## ADDED Requirements

### Requirement: Interactive Session Lifecycle
The system SHALL provide a persistent `InteractiveSession` class that manages conversations across multiple runs.

#### Scenario: Session initialization
- **WHEN** the TUI starts with `interactive_mode.enabled: true`
- **THEN** an `InteractiveSession` is created and becomes the primary entry point for user interactions

#### Scenario: Session persistence across runs
- **WHEN** a run completes and returns results
- **THEN** the `InteractiveSession` retains context and can reference previous run results in subsequent conversations

### Requirement: Launch Run Tool
The system SHALL provide a `launch_run` MCP tool (in a new `massgen/mcp_tools/interactive/` server) that allows the interactive agent to spawn MassGen runs with configurable agent modes, refinement settings, and planning options. This is an MCP tool rather than a workflow tool so it can be exposed to external backends (Claude Code, Codex, etc.).

#### Scenario: Tool schema definition
- **WHEN** the interactive agent is initialized
- **THEN** it SHALL have access to a `launch_run` tool with parameters:
  - `task` (required): Description of what to accomplish
  - `context` (optional): Background information, constraints, or previous decisions
  - `agent_mode` (optional): "single" | "multi" - whether to use one agent or multiple (default: "multi")
  - `agents` (optional): List of specific agent IDs to use (defaults to all configured agents)
  - `refinement` (optional): true | false - whether to enable voting/refinement cycles (default: true for multi, false for single)
  - `planning_mode` (optional): true | false - if true, agents plan without executing actions (default: false)
  - `execute_after_planning` (optional): true | false - if planning_mode=true, whether to spawn a follow-up run to execute the plan (default: false)
  - `context_paths` (optional): Additional context paths for the run (list of `{path, permission}` objects). Merged with or replaces inherited context_paths
  - `agent_system_prompts` (optional): Map of agent ID to additional system prompt text to append for that agent in this run. Allows the interactive agent to inject per-agent guidance based on learnings from previous runs (e.g., corrections, style preferences, domain context)
  - `coordination_overrides` (optional): Additional config overrides for fine-grained control (excludes `context_paths` and `agent_system_prompts`, which have dedicated top-level parameters)

#### Scenario: Single agent run
- **WHEN** the interactive agent invokes `launch_run` with `agent_mode: "single"`
- **THEN** the system SHALL spawn an orchestrator with one agent and skip multi-agent coordination overhead

#### Scenario: Multi-agent run with refinement
- **WHEN** the interactive agent invokes `launch_run` with `agent_mode: "multi"` and `refinement: true`
- **THEN** the system SHALL spawn an orchestrator where agents coordinate, vote, and refine answers (default behavior)

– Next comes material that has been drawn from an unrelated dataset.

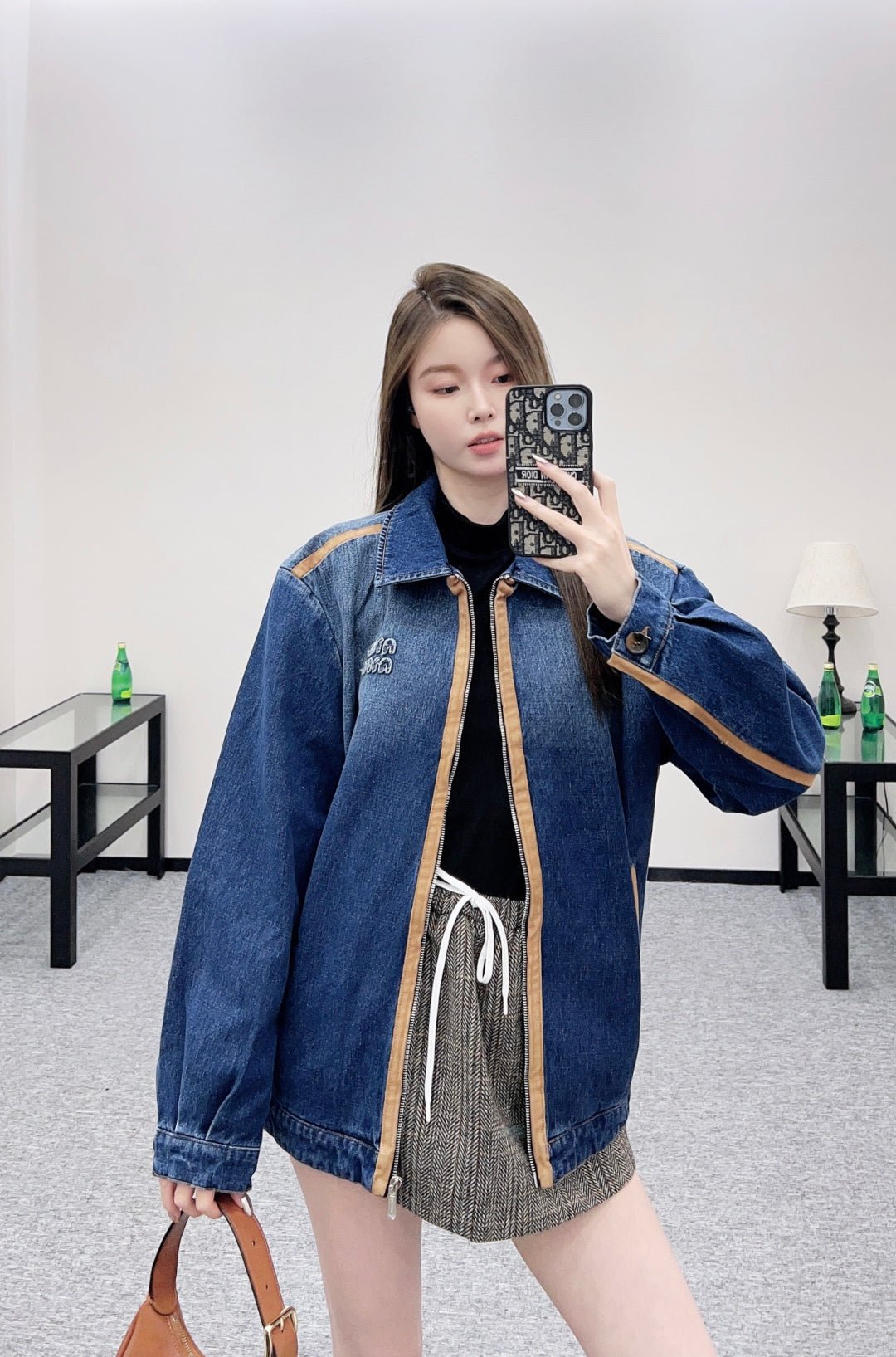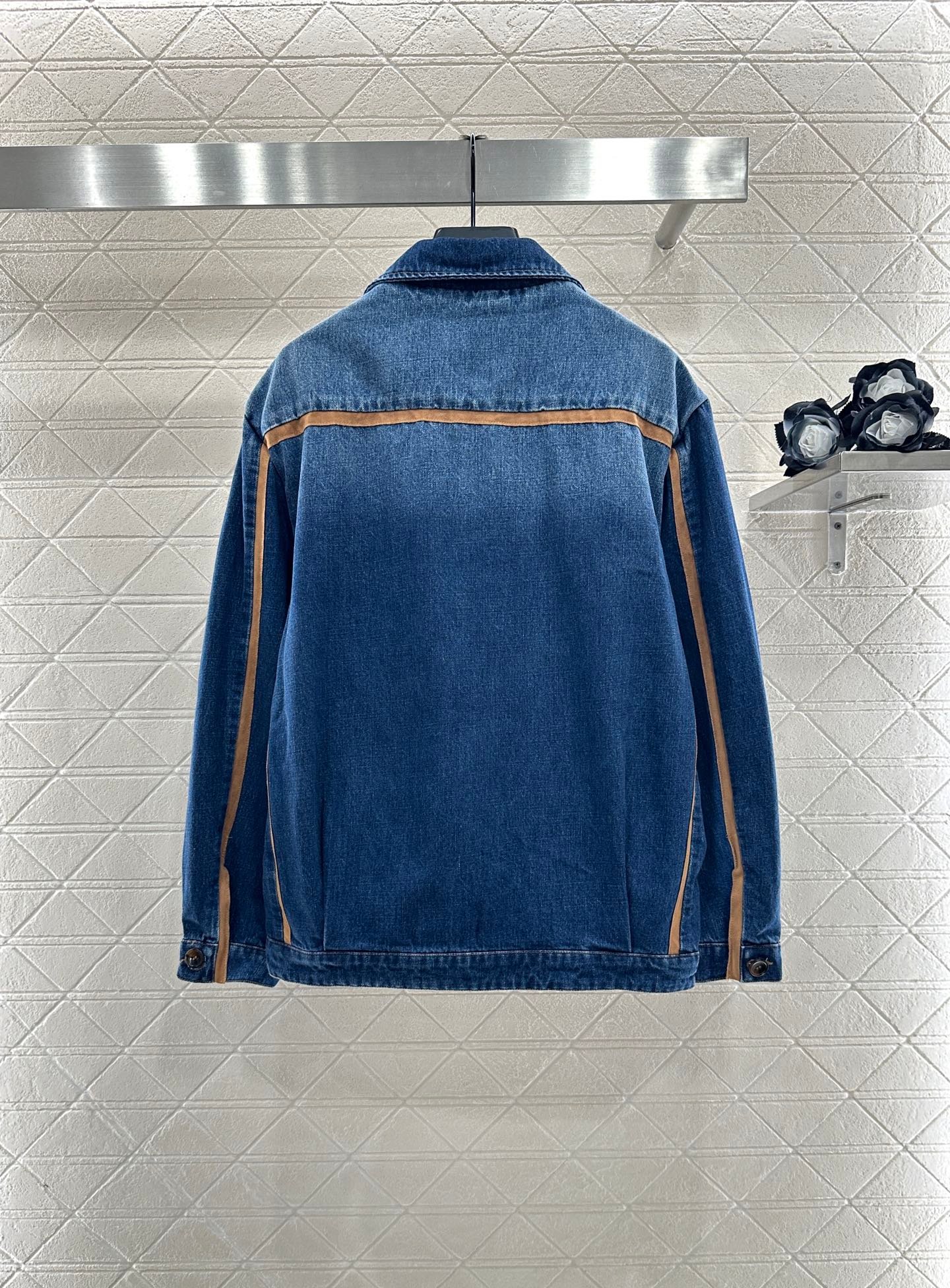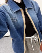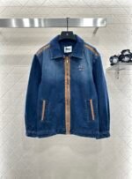 The twill cotton denim material has a crisp texture and a stylish look. It features a zippered jacket with a loose design on the shoulder and lapel, evenly dyed with enzyme water washing throughout the body. It is versatile and durable in retro deep blue, suitable for autumn casual wear. The shoulder, front, and pocket edges are made of brown suede fabric, which collides with the body. The chest is embroidered with letters and logos, highlighting the style. The three-dimensional straight cut increases the capacity and is more eye-catching and fashionable. The exquisite and durable details highlight the fashionable and stylish style of the outfit. It is the first choice for early autumn season changes and also great for layering

#### Scenario: Multi-agent run without refinement
- **WHEN** the interactive agent invokes `launch_run` with `agent_mode: "multi"` and `refinement: false`
- **THEN** the system SHALL spawn an orchestrator where agents work independently and the best initial answer wins

#### Scenario: Per-agent system prompt customization
- **WHEN** the interactive agent invokes `launch_run` with `agent_system_prompts` mapping agent names (as defined in the YAML config `agents` list) to additional prompt text
- **THEN** the system SHALL append the specified text to each agent's system prompt for that run only
- **AND** agents not listed in the map SHALL use their default system prompts unchanged

#### Scenario: Planning mode run (plan returned to interactive)
- **WHEN** the interactive agent invokes `launch_run` with `planning_mode: true` and `execute_after_planning: false` (the default)
- **THEN** agents SHALL describe their approach without executing actions, and the resulting plan SHALL be returned to the interactive agent for review, decomposition, or modification before any execution

#### Scenario: Planning then automatic execution
- **WHEN** the interactive agent invokes `launch_run` with `planning_mode: true` and `execute_after_planning: true`
- **THEN** the system SHALL use the existing `enable_planning_mode` coordination flow where agents plan and the winner automatically executes in the final presentation phase

#### Scenario: Planning mode maps to existing infrastructure
- **WHEN** `planning_mode: true` is specified on `launch_run`
- **THEN** the system SHALL map this to the existing `CoordinationConfig.enable_planning_mode: true` setting on the spawned orchestrator

#### Scenario: Run execution via tool
- **WHEN** the interactive agent invokes `launch_run` with a task
- **THEN** the system SHALL spawn an orchestrator with the provided configuration and inject the task + context as the initial user message

#### Scenario: Successful results returned to agent
- **WHEN** a spawned run completes successfully
- **THEN** the `RunResult` SHALL be returned with `status: success`, `final_answer`, `workspace_path`, and `coordination_summary`

#### Scenario: Run error
- **WHEN** a spawned run fails due to a backend error, crash, or other failure
- **THEN** the `RunResult` SHALL be returned with `status: error`, an `error` message describing the failure, and any partial results (per-agent answers, workspace files) produced before the failure

#### Scenario: Run timeout
- **WHEN** a spawned run exceeds the orchestrator's configured timeout
- **THEN** the `RunResult` SHALL be returned with `status: timeout` and any partial results (per-agent answers, workspace files) produced before the timeout

#### Scenario: Interactive agent handles failed/timed-out runs
- **WHEN** the interactive agent receives a `RunResult` with `status: error` or `status: timeout`
- **THEN** it SHALL inspect partial results (read workspace files or per-agent answers) and either use what's available, launch a follow-up run with partial results as context to finish the work, or inform the user and ask how to proceed

### Requirement: Interactive Agent System Prompt
The system SHALL reuse existing MassGen system prompt sections but exclude coordination-specific sections and add interactive orchestrator guidance.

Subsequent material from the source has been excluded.